Step 5:The noisiness being arranged according to step 4 is carried out plus is made an uproar to the summation of data point and the quantity of point of each cluster,
Barycenter is updated, in the first iteration, the summation matrix of 3 attributes at 3 cluster midpoints is
And the quantity of the respective point of 3 clusters is
Num=[23,101 3,600 7411]
The noisiness of first time iteration addition is Lap (8/ ε) known to step 4, therefore newer new barycenter is for the first timeAs a result it is
[[0.6381381 0.53917325 0.41654519][0.24548196 0.1825142 0.10771185]
[0.39675444 0.31281772 0.20345833]]
Iteration concrete outcome is no longer described in detail below, and experiment finally reaches convergence after the 40th iteration, finally obtains plus poor
Point privacy cluster result center point set is
[[0.5893953 0.4049542 0.27335089][0.59260889 0.40021986 0.27148743]
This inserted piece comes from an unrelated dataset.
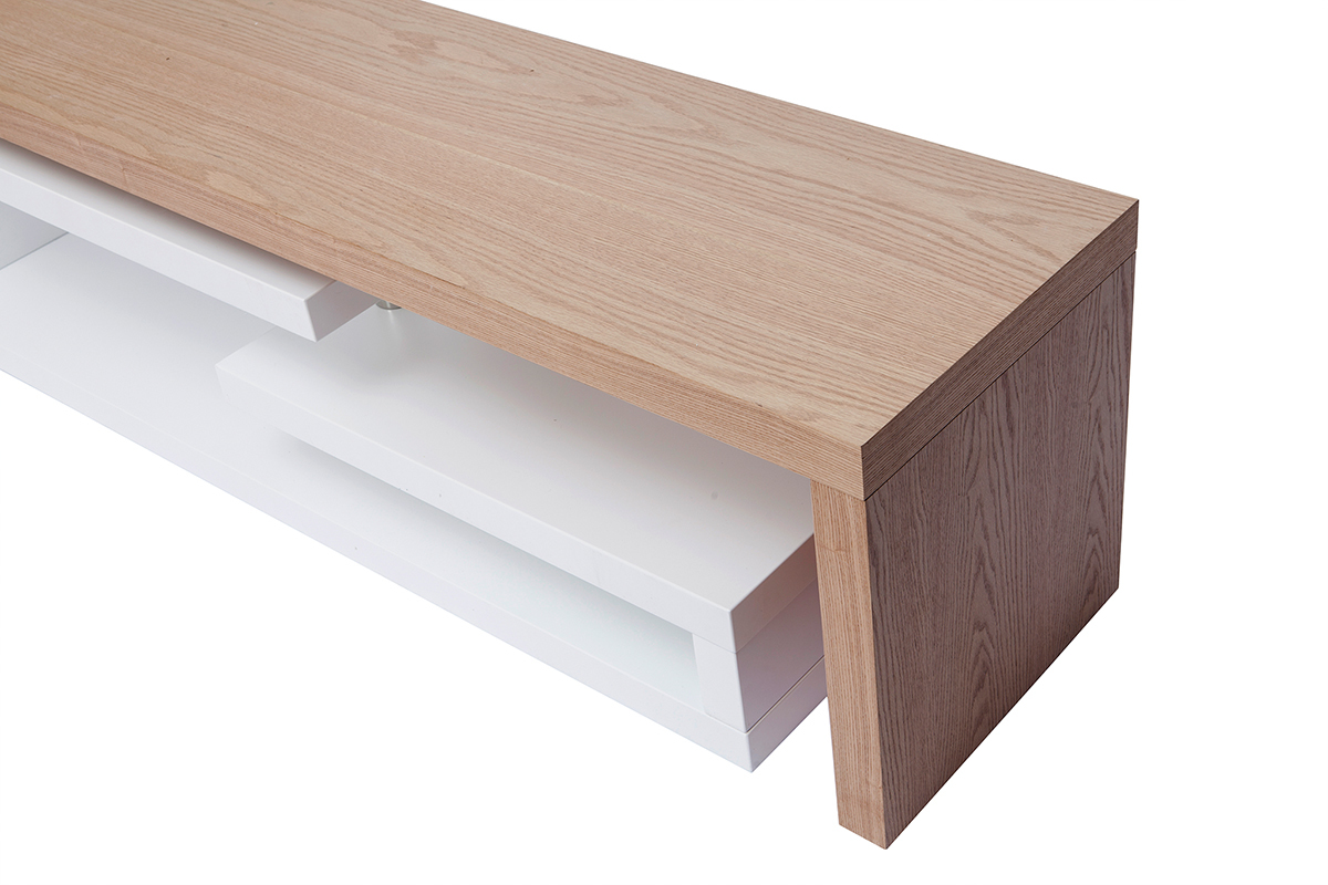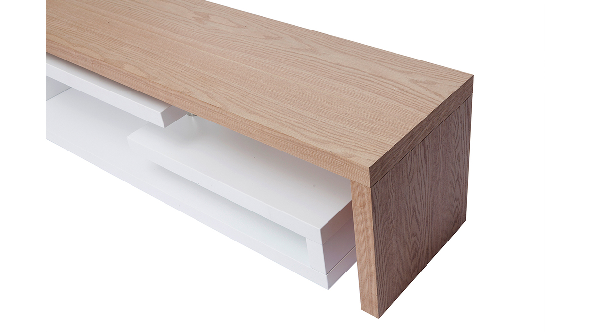 Equilibre parfait entre le beau et l'utile, ce meuble TV modulable s'intègre facilement dans un salon moderne. Il associe un plateau en panneaux de fibres de bois placage chêne et des étagères blanc laqué mat pour un rendu unique. La légèreté visuelle de ce meuble TV design convient à merveille aux petits espaces à ne pas encombrer.

[0.70471501 0.790935 0.75081869]]
Step 6:Assess clustering performance.Since reference class is provided via selected data set, we use F-measure
To assess clustering performance.The range of F-measure values is [0,1], and value means that more greatly algorithm has preferably cluster availability.
It is that both are poor by difference privacy clustering algorithm proposed by the present invention and DPk-means and DPk-means++ herein
Point privacy clustering algorithm is compared, corresponding each ε values, and data set calls three difference privacy clustering algorithms 50 times respectively, takes
The average value of corresponding F-measure results, as shown in Fig. 1 (wherein red lines are arithmetic result provided by the invention).
As seen from the figure, at the horizontal ε of identical privacy, difference privacy clustering algorithm proposed by the present invention and other two kinds calculations
Method is compared, and the result of F-measure, which has been worth to, largely to be improved, this illustrates the present invention under identical secret protection rank
The cluster availability higher of acquisition, and privacy budget is bigger, and cluster availability is higher, but privacy level reduces.
In conclusion the present invention proposes a kind of k-means clustering methods towards difference privacy, the program is with k-
Then the result of means++ algorithms passes through alternately a series of non local " jumps " k- traditional with execution as input value
Means algorithms improve the selection of initial center point, and utilize difference secret protection Laplace mechanism, in k means clustering algorithms
Iterative process in increase and meet the random noise appropriate of specific distribution so that cluster result is distorted to a certain extent, is reached
To the purpose of secret protection, while it ensure that the availability of data.
The above is only some embodiments of the present invention, it is noted that for the ordinary skill people of the art
For member, various improvements and modifications may be made without departing from the principle of the present invention, these improvements and modifications are also answered
It is considered as protection scope of the present invention.